4. Reads KO table (A1.CE2-S1_reads_ko.txt).

This table has three columns separated by '\t', reads_id, KO_id (which homology KO assigned) and KO_name.

reads_id                                KO_id	KO_name
A00266:275:HLFTWDSXX:2:1101:10013:26537 K14736 TF; transferrin
A00266:275:HLFTWDSXX:2:1101:10122:16235 K14736 TF; transferrin
A00266:275:HLFTWDSXX:2:1101:10122:17174 K03883 ND5; NADH-ubiquinone oxidoreductase chain 5 [EC:7.1.1.2]
A00266:275:HLFTWDSXX:2:1101:10122:2174 K00602 purH; phosphoribosylaminoimidazolecarboxamide formyltransferase / IMP cyclohydrolase [EC:2.1.2.3 3.5.4.10]
A00266:275:HLFTWDSXX:2:1101:10140:28510 K00799 GST, gst; glutathione S-transferase [EC:2.5.1.18]
A00266:275:HLFTWDSXX:2:1101:10149:34225 K06238 COL6A; collagen, type VI, alpha
A00266:275:HLFTWDSXX:2:1101:10185:19382 K03883 ND5; NADH-ubiquinone oxidoreductase chain 5 [EC:7.1.1.2]
A00266:275:HLFTWDSXX:2:1101:10212:16423 K11188 PRDX6; peroxiredoxin 6, 1-Cys peroxiredoxin [EC:1.11.1.7 1.11.1.15 3.1.1.-]
A00266:275:HLFTWDSXX:2:1101:10212:36777 K08737 MSH6; DNA mismatch repair protein MSH6
A00266:275:HLFTWDSXX:2:1101:10294:9236 K02938 RP-L8e, RPL8; large subunit ribosomal protein L8e
A00266:275:HLFTWDSXX:2:1101:10321:31735 K14736 TF; transferrin
A00266:275:HLFTWDSXX:2:1101:10339:16297 K06171 NCSTN; nicastrin
A00266:275:HLFTWDSXX:2:1101:10375:24972 K04660 DCN; decorin
A00266:275:HLFTWDSXX:2:1101:10402:14121 K02132 ATPeF1A, ATP5A1, ATP1; F-type H+-transporting ATPase subunit alpha
A00266:275:HLFTWDSXX:2:1101:10420:21198 K03231 EEF1A; elongation factor 1-alpha
A00266:275:HLFTWDSXX:2:1101:10438:27179 K00149 ALDH9A1; aldehyde dehydrogenase family 9 member A1 [EC:1.2.1.47 1.2.1.3]
A00266:275:HLFTWDSXX:2:1101:1045:22498 K00255 ACADL; long-chain-acyl-CoA dehydrogenase [EC:1.3.8.8]
A00266:275:HLFTWDSXX:2:1101:1045:33144 K00134 GAPDH, gapA; glyceraldehyde 3-phosphate dehydrogenase [EC:1.2.1.12]
A00266:275:HLFTWDSXX:2:1101:10465:27508 K05692 ACTB_G1; actin beta/gamma 1
... ... ...

The number of mapped reads and table of raw reads are summarized in the html report (A1.CE2-S1_functional.html).

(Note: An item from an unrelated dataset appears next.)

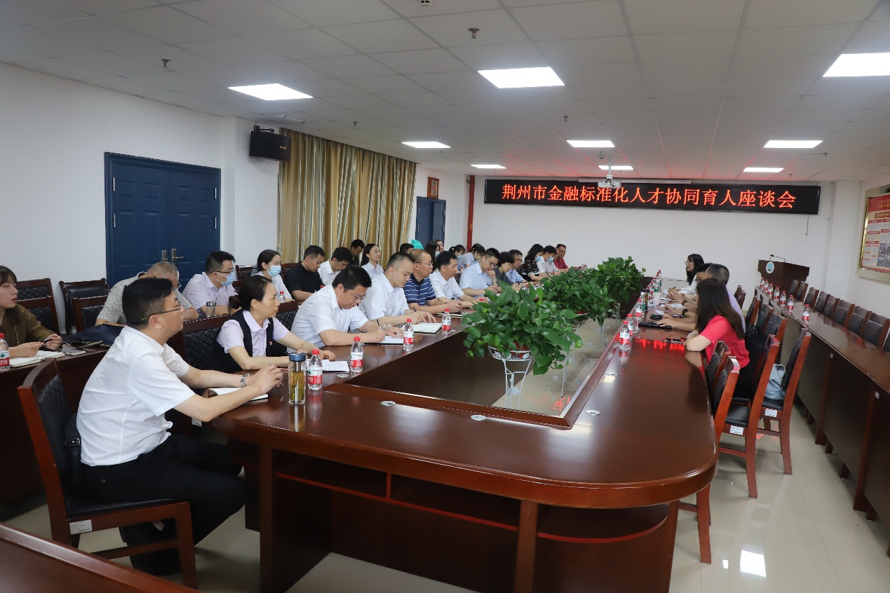 启动仪式结束后,荆州市各大银行机构负责人在文科楼505会议室参加了协同育人座谈会。陈承副院长与荆州市各大银行机构负责人就如何推进合作落地,分期分批推进学生实习实训,以产教融合促进人才培养质量提升等深入交换了意见。建设银行荆州支行,农业银行荆州支行,中信银行荆州支行,交通银行荆州支行,湖北银行荆州支行等负责人提出了有益的合作建议与意见。各方达成广泛共识,后期会依托必赢565net官网网站,通过广泛协同与合作,进一步深化荆州市金融标准化人才的培养工作,做到“共商、共建、共管、共育”。
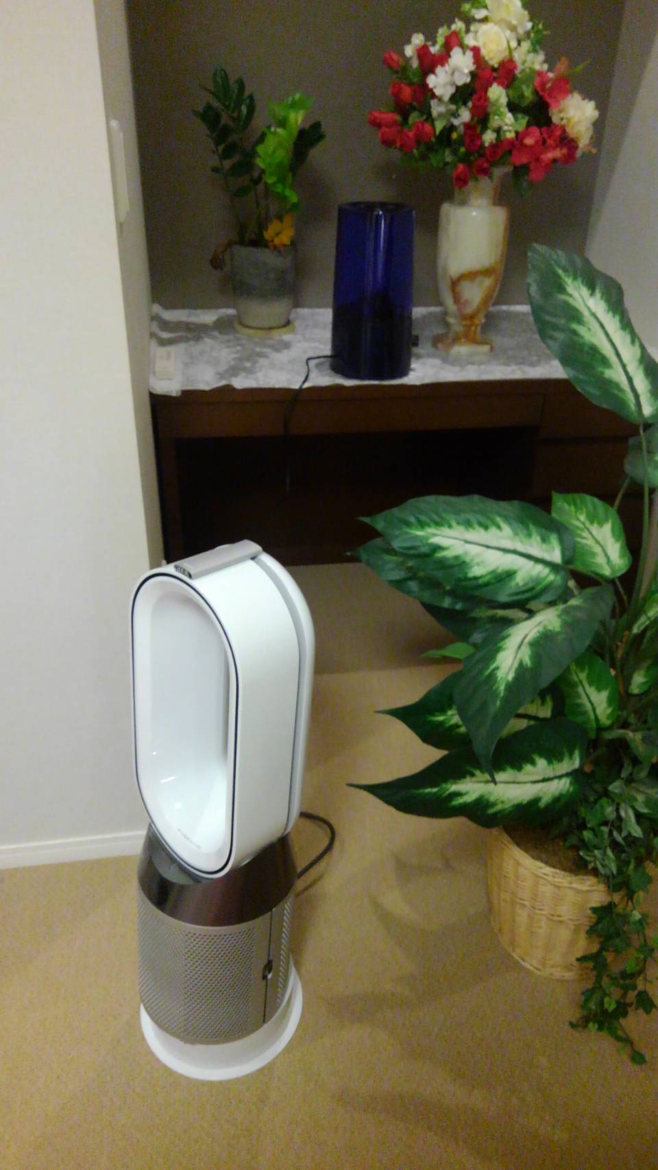 ダイソンの空気清浄機と、奥に見えるブルーの機械は、空気除菌の加湿器になります。

5. Functional html report: A1.CE2-S1_functional.html

5.1 This Functional html report reports summary of the four tables.

Number of KOs annotated         	3689
Number of top-hit species 24
Number of top-hit pathways 401
Number of mapped reads / total reads 1362106 / 5000000 (27.242119%)

5.2 A rarefaction curve to show the depth of reads against number of KOs mapped.

This figure infers 2 pieces of information: the sequence depth of the sample and how many reads are needed to saturate the gain of KOs.
If the sequencing depth reaches plateau, that means with the number of reads continue to be increased, the gain of KOs becomes minimal.
If you want a 3 to 5 times speed up, you can using --reads_to_process to specify the number of reads you want to process.

6. Reads quality check html report (A1.CE2-S1_reads_quality.html).

This table summarizes the general information of your samples.
Rarefaction curve (2d) for all samples.
Rarefaction curve (3d) for all samples.
Rarefaction curve (3d) for all samples.
Downstream analysis: Pathways enrichment analysis
We provide two options for downstream analysis, such as identification of differentially expressed KOs, pathway enrichment analysis, et al.

1. Online website-based analysis tool NetworkAnalyst
Seq2Fun generates two KO abundance tables:
All_sample_KO_abundance_table.txt and All_sample_KO_abundance_table_submit2networkanalyst.txt, the later will be used to submit to NetworkAnalyst.

2. Based on the KO abundance table generated by Seq2Fun, differentially expressed KOs are identified by limma (R package), and enriched pathways are analysized (GSEA) by HTSanalyzeR (R package).
We provide the R script (click here to download) to conduct pathway enrichment.
Please note that the following figure is generated by HTSanalyzeR, which may no longer be installed on current R version.
Therefore, we have developed an alternative R script using fgsea for pathway analysis and we suggest users to try the casestudy_fgsea.R.

Significantly enriched pathways computed using GSEA for DCCO.
The absolute values of KO log2FCs were used for GSEA. Pathways were considered significant if the adjusted p-value was < 0.05. The log2FC of all genes in the enriched pathways are indicated with the vertical grey lines. The distribution for each pathway is colored according the pathway’s adjusted p-value.